Second, I hated my high school when I attended it. At one point while I was there, the parish (it’s a Catholic school) held a rally to support the school because there were concerns that it might have to close. Not only did I not attend the rally; I openly wished for the place to close. So, it’s kind of strange for me today to root for the football team from that place.
I think these contradictions point out a couple of things about sports identifications. First, we find ways to justify the identifications and rooting interests that we have, even when they contradict our own ideological perspectives. Because of that, I can find myself rooting against parity in one instance, even as I espouse the desirability of parity in so many other instances. Second, we become branded with these identities strongly when we are young and that branding is hard to break. I think this is similar to how individuals find themselves rooting for their home country in the Olympics, even if they have good reasons why they might not want to do so. Similarly, connections to local communities die hard, even when people have denounced or, at least, moved on from those communities.

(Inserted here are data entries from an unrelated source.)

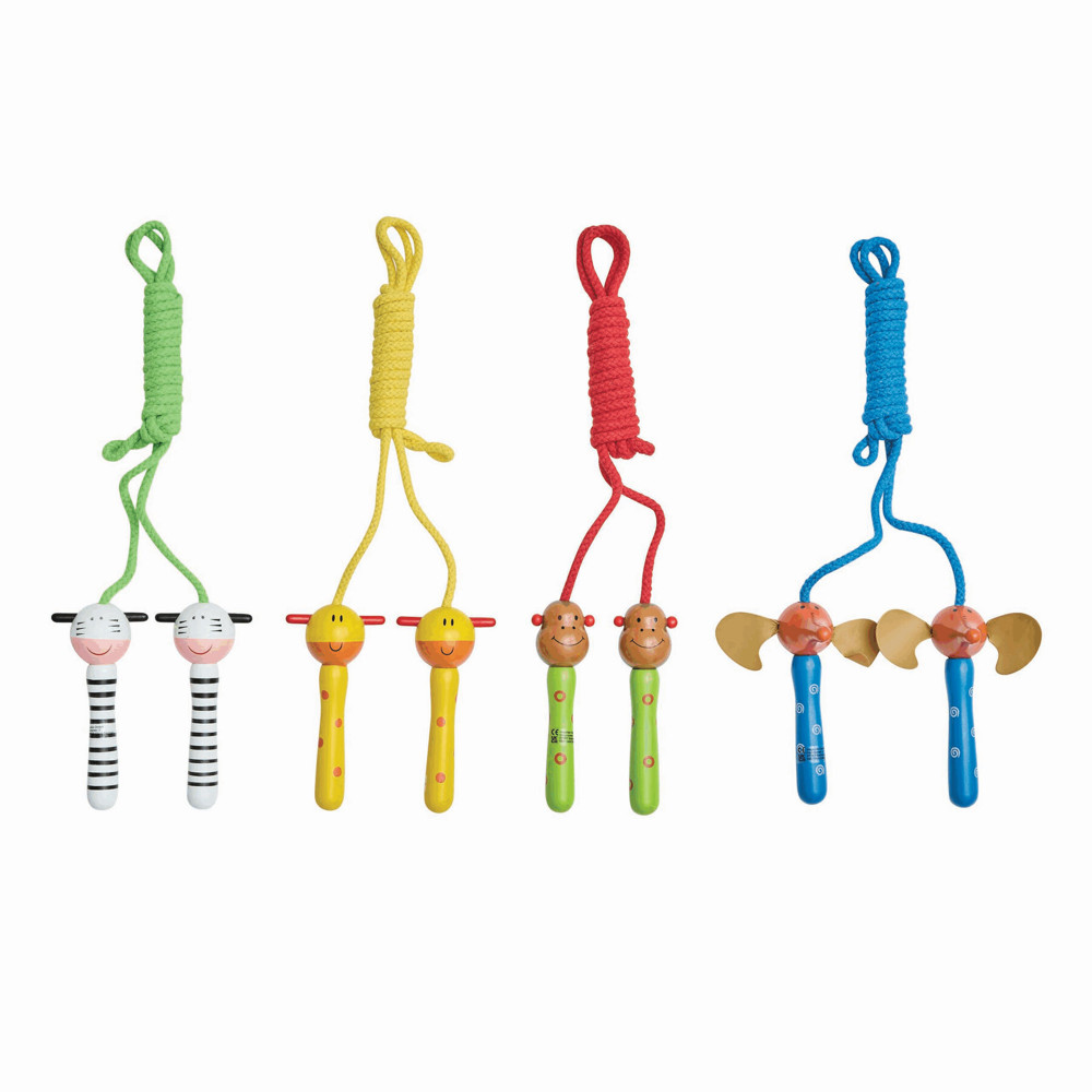 Kleurrijk springtouw ANIMAL ANIMATION met houten dierfiguren als handvat, assorti geleverd.meer
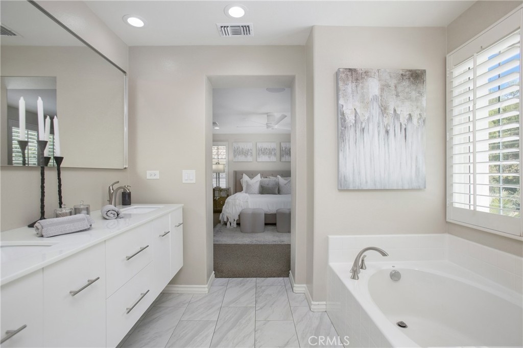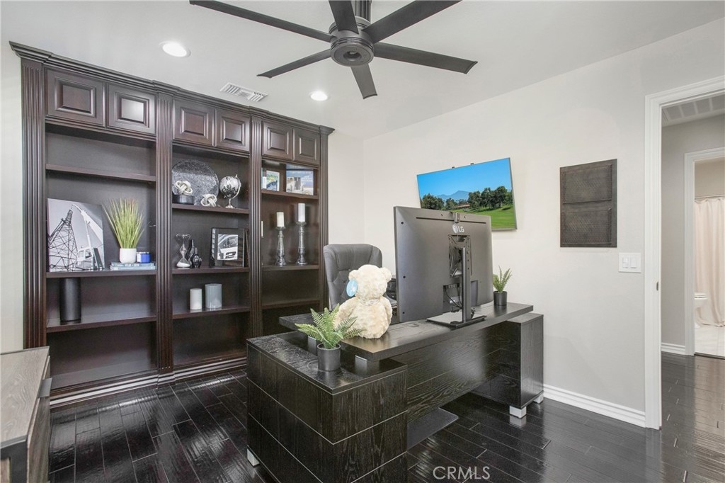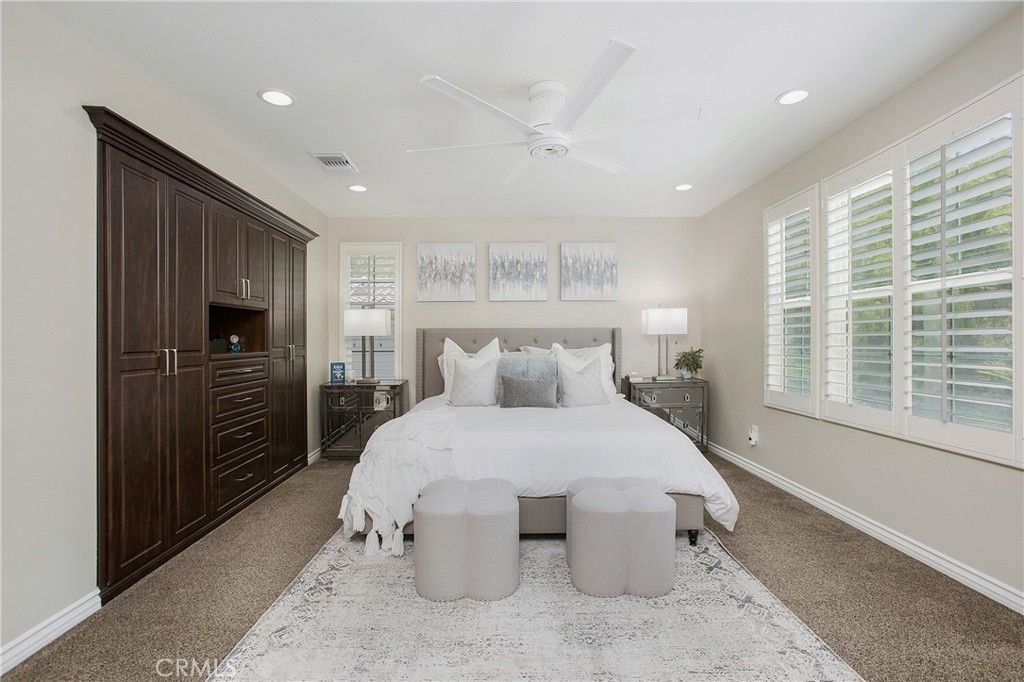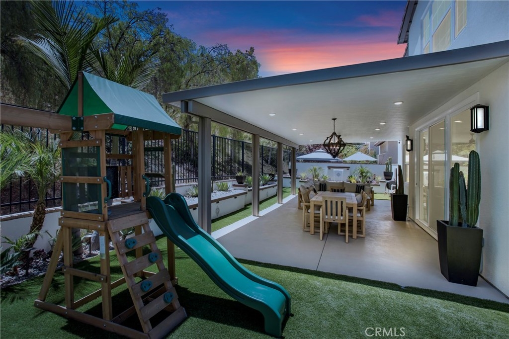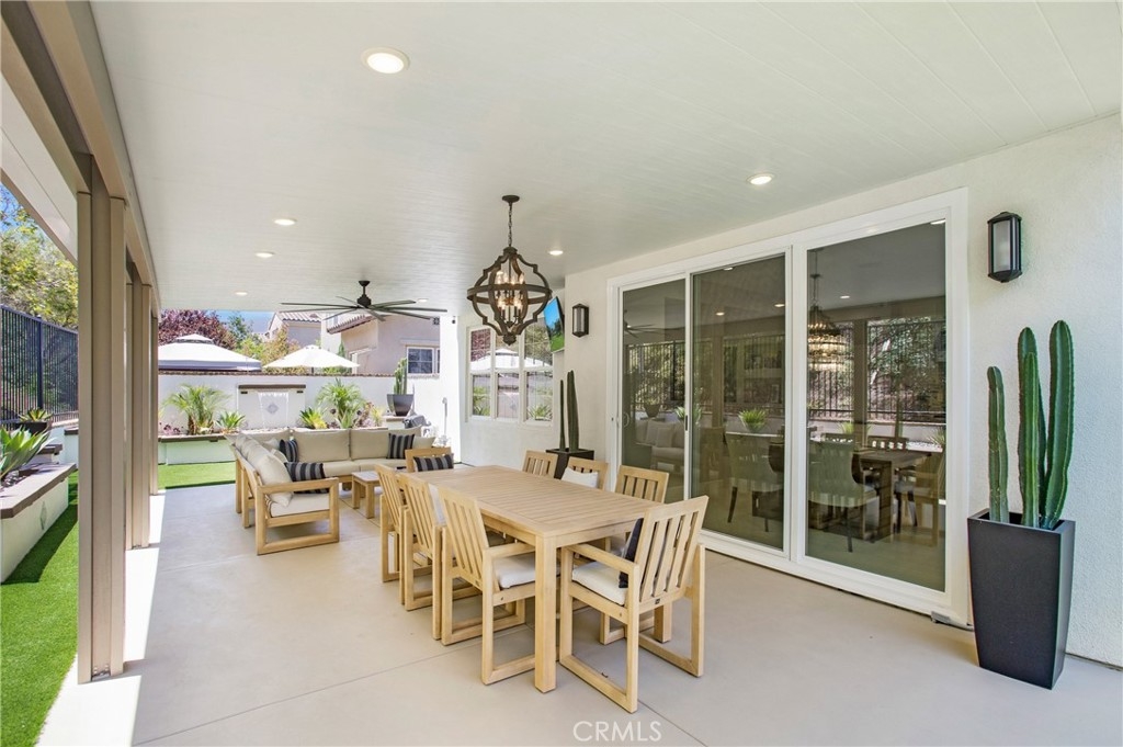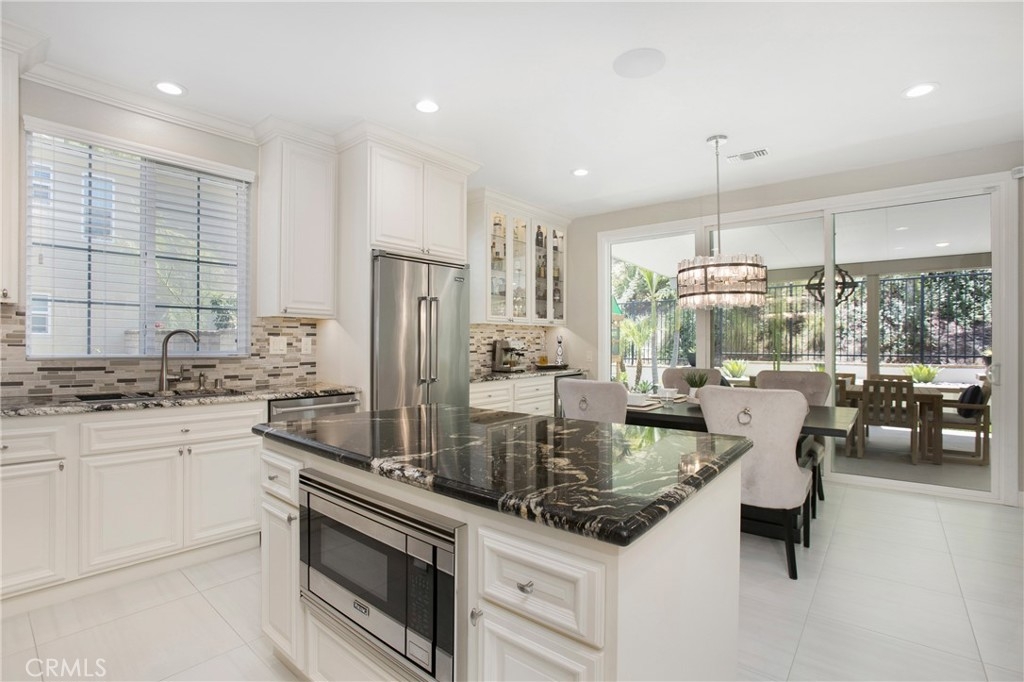 Welcome to the Dos Lagos area – where elevated design meets everyday ease. Tucked into one of South Corona’s most desirable neighborhoods, the Citrus Springs Community this home isn’t just a property—it’s a lifestyle statement. Upon entry, you’re embraced by natural light pouring through large windows, a flowing open floor plan, and thoughtful touches that elevate the everyday. The chef’s kitchen is both a showpiece and a high-performance space—featuring Viking appliances, an oversized 8-burner stove, a walk-in pantry, custom cabinetry, and show-stopping veiny countertops set against a striking backsplash. It opens seamlessly to the dining area and bar, complete with built-in cabinetry and a nearby built-in wine fridge—designed for effortless gatherings. Recently remodeled, the living area now boasts a modern electric fireplace, while the dining area features upgraded sliding doors and uninterrupted views of the backyard—where indoor-outdoor living comes to life. Transition into the outdoor living space and enjoy a designer-inspired setting with a new laminated patio cover, built-in speakers, an oversized ceiling fan, and a dramatic chandelier. A custom modern fountain sets the tone, while turf provides a safe play area for little ones. Whether it’s wine with friends or dinner al fresco with family, the backyard was curated for connection. Inside, the main floor offers a full bedroom and bath—perfect for guests or multi-generational living. Upstairs, you’ll find three additional spacious bedrooms, two full bathrooms, and a dedicated laundry room. The primary suite is generously sized for a king bed and includes a walk-in closet and private water closet. Additional upgrades include a newer oversized AC unit with added vents, surround sound throughout, oversized ceiling fans, plantation shutters, a newer water heater, upgraded garage door, and fresh interior and exterior paint. Even the landscaping—front and back—has been recently refreshed. This isn’t just a home—it’s the one you’ve been waiting for. And in Dos Lagos, homes like this don’t come often.
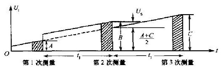 (a)方波磁場的感應(yīng)強(qiáng)度(理想情況), (b)由電扳2個電壓Ue的測量值差得出有用電壓Uu.。 當(dāng)溫度或被測介質(zhì)的化學(xué)關(guān)系發(fā)生變化時,電化學(xué)干擾電壓不再保持恒定,而是以一定的時間間隅(幾秒到幾分)變化。因?yàn)榧兓瘜W(xué)直流干擾電壓變化的時間遠(yuǎn)大于測量周期的時間,所以在此間隔中這種變化可近似看做與時間呈線性關(guān)系的變化。這樣,在測量時采用簡單的線性插補(bǔ)方法可使電化學(xué)干擾電壓的變化和由此所引起的誤差(見圖3.8)得到抑制。為了達(dá)到此目的,在磁場關(guān)斷時測得第1個值是電化學(xué)直流干擾電壓(A值);然后接通磁場;當(dāng)磁場感應(yīng)強(qiáng)度達(dá)到*大值之后,測得的第2個值是平均變化的電化學(xué)直流干擾電壓和有用信號疊加值(B值)。當(dāng)磁場再次關(guān)斷時,量測的第3個值是經(jīng)間隔時同后上升的電化學(xué)直流干擾電壓(c值)。2個不同的電化學(xué)直流干擾電壓(A值和c值)的平均值與B值的疊加信號相減便獲得有用的電壓信號值Ub。

In the end, I think this potentially illustrates how significant sports identities are—at least in the United States and, I suspect, in many other parts of the world as well. There are times when individuals who otherwise divide themselves based on race, social class, gender, sexuality, religion, etc. find themselves bonded (at least temporary) by sports team identification. To be sure, these are commercialized, branded identifications, like identifications with musical artists, television programs, and soft drinks, among other things. And like these other brand identifications, part of understanding the significance of sports, I believe, is recognizing the deep-seated ways in which these identifications work and affect people’s lives as identities, like race, social class, gender, etc., do. Just as we become branded to think about racial identities, gender identities, national identities, sexual identities, religious identities, and other identities from young ages to the point that, as we grow older, it becomes harder and harder to examine our own assumptions along each of these lines, I think that we become branded in connection with sports and sports allegiances from young ages to the point at which it becomes much harder to look at the politics of sporting practices. If we’re going to get at the politics of sport, fuller recognition of the deep workings of sports identities seems to be a very important step to take.